TASK PROMPT –
Retype word for word the line containing "Raise vibrations in" and each line that follows it in the records below, through the last one, with no pictures.

Records from a collection:
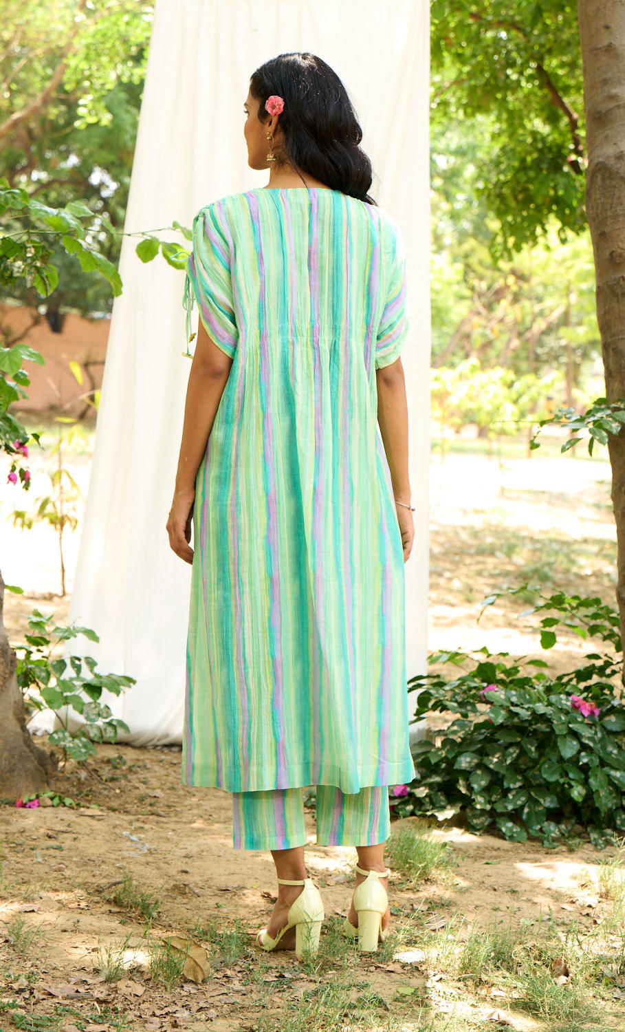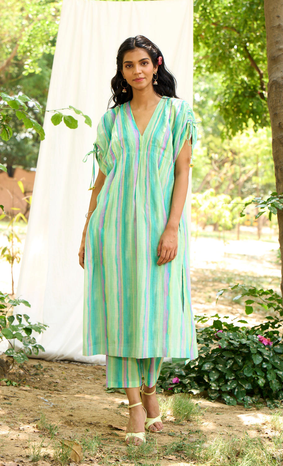 Kaftan look stripe kurta set with lovely play of colours and ruched up sleeves with floral ties and Strip Pant
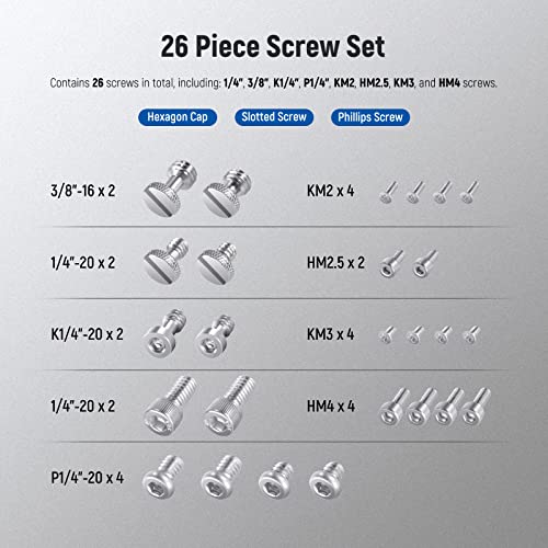 NEEWER 26PCS Camera Screw Set for Photography Equipment, Includes 1/4″ 3/8″ M2 M2.5 M3 and M4 Screws Compatible with SmallRig Camera Cage, Top Handle, Side Handle Grip, Tripod QR Plate, UA002
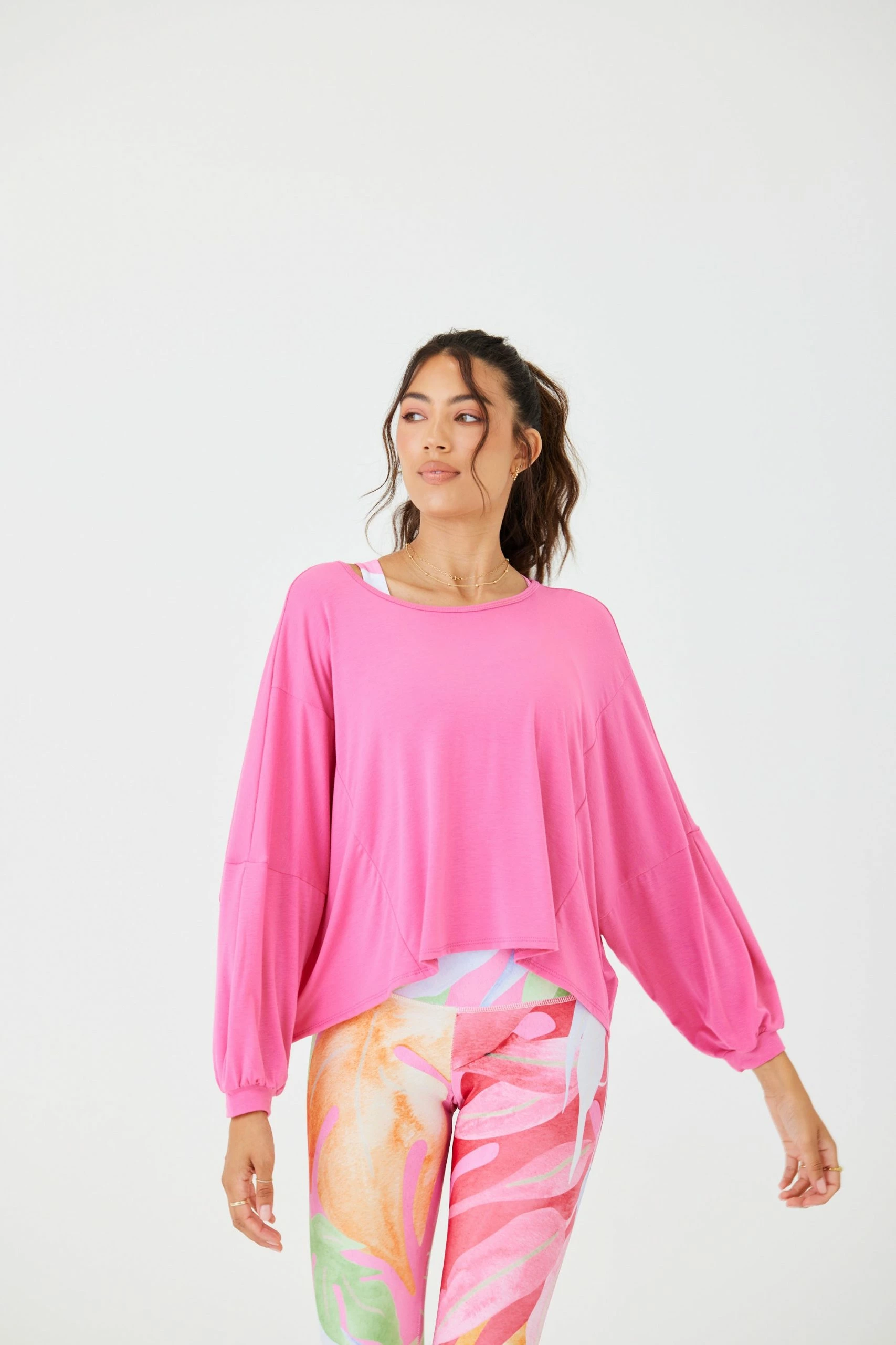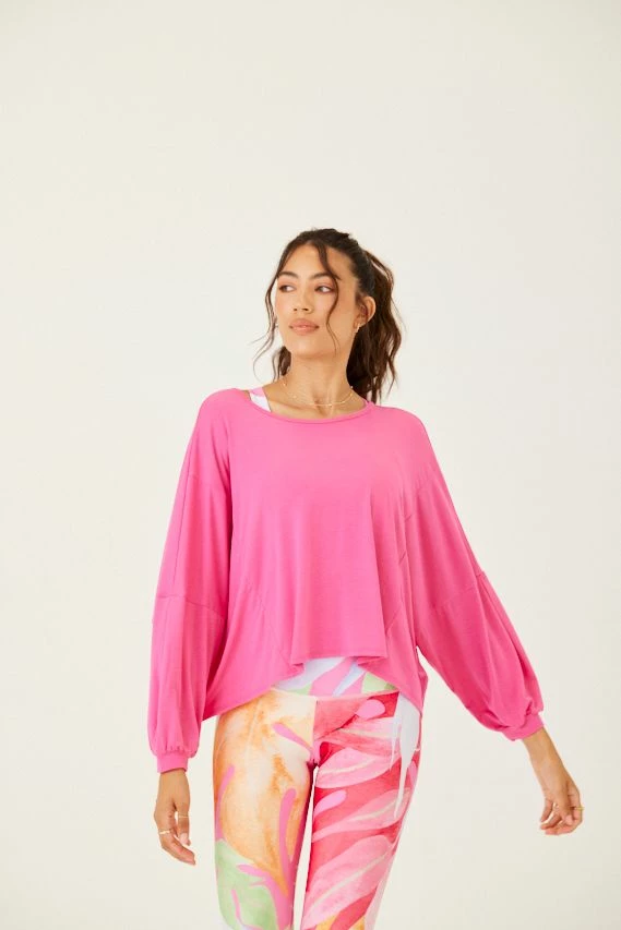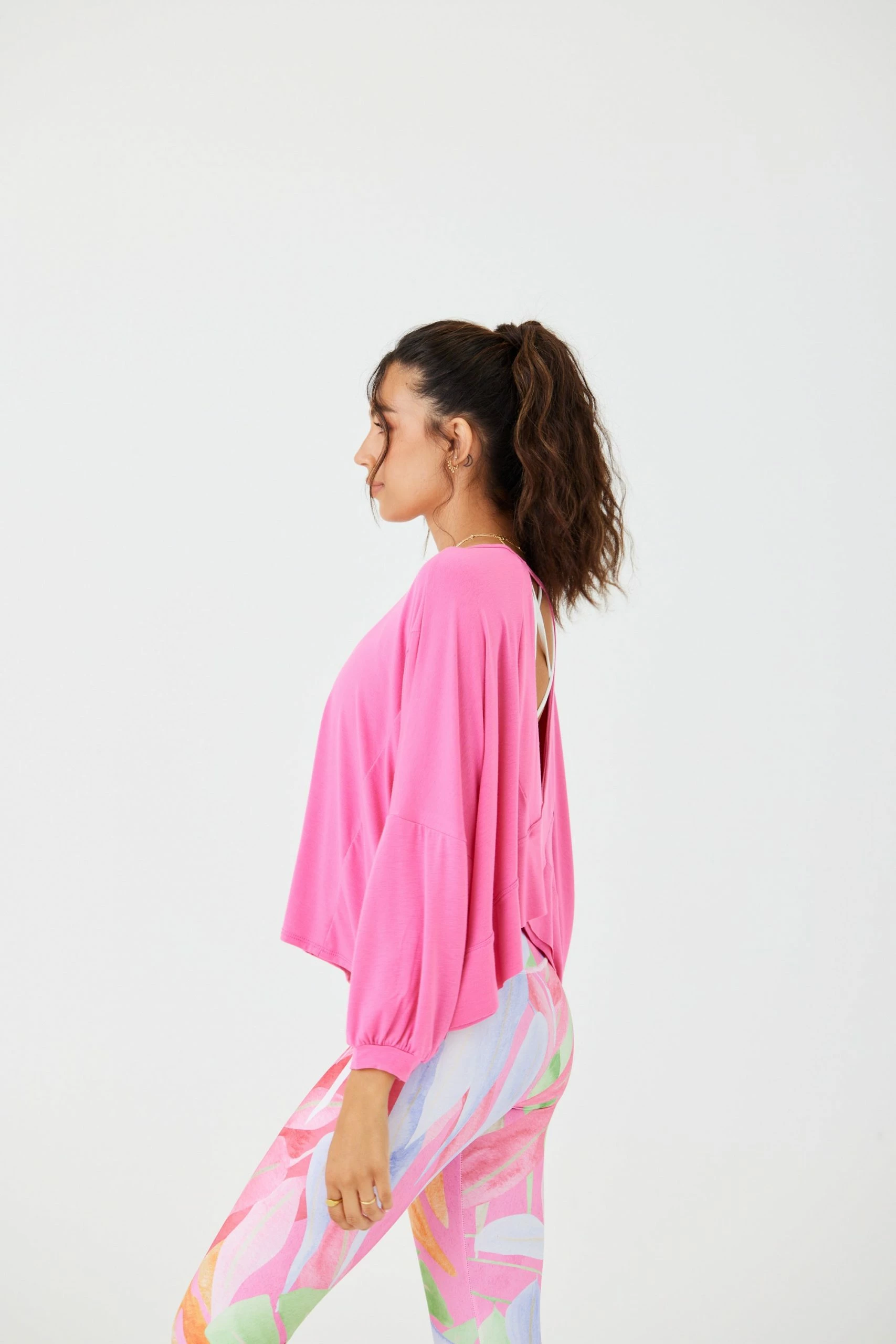 Raise vibrations in the OM Top. Top off your effortless look with this flowy silhouette, gorgeous cut-out back, and feminine puffed sleeves. Made from a jersey spandex blend that is super soft and comfy.
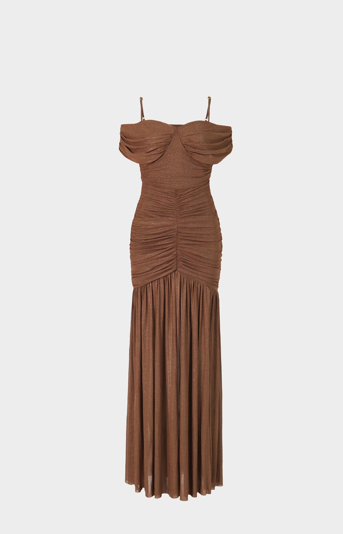 Vestido en tela lurex cuello bandeja, con mangas caídas que crean un efecto fluido y sofisticado, mientras que el drapeado añade movimiento y distinción.
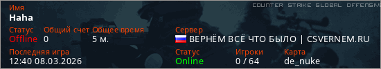 Играет на Counter Strike Global Offensive сервере. Страна: РоссияПервый раз замечен 12:38 08.03.2026

TASK SOLUTION –
 Raise vibrations in the OM Top. Top off your effortless look with this flowy silhouette, gorgeous cut-out back, and feminine puffed sleeves. Made from a jersey spandex blend that is super soft and comfy.
 Vestido en tela lurex cuello bandeja, con mangas caídas que crean un efecto fluido y sofisticado, mientras que el drapeado añade movimiento y distinción.
 Играет на Counter Strike Global Offensive сервере. Страна: РоссияПервый раз замечен 12:38 08.03.2026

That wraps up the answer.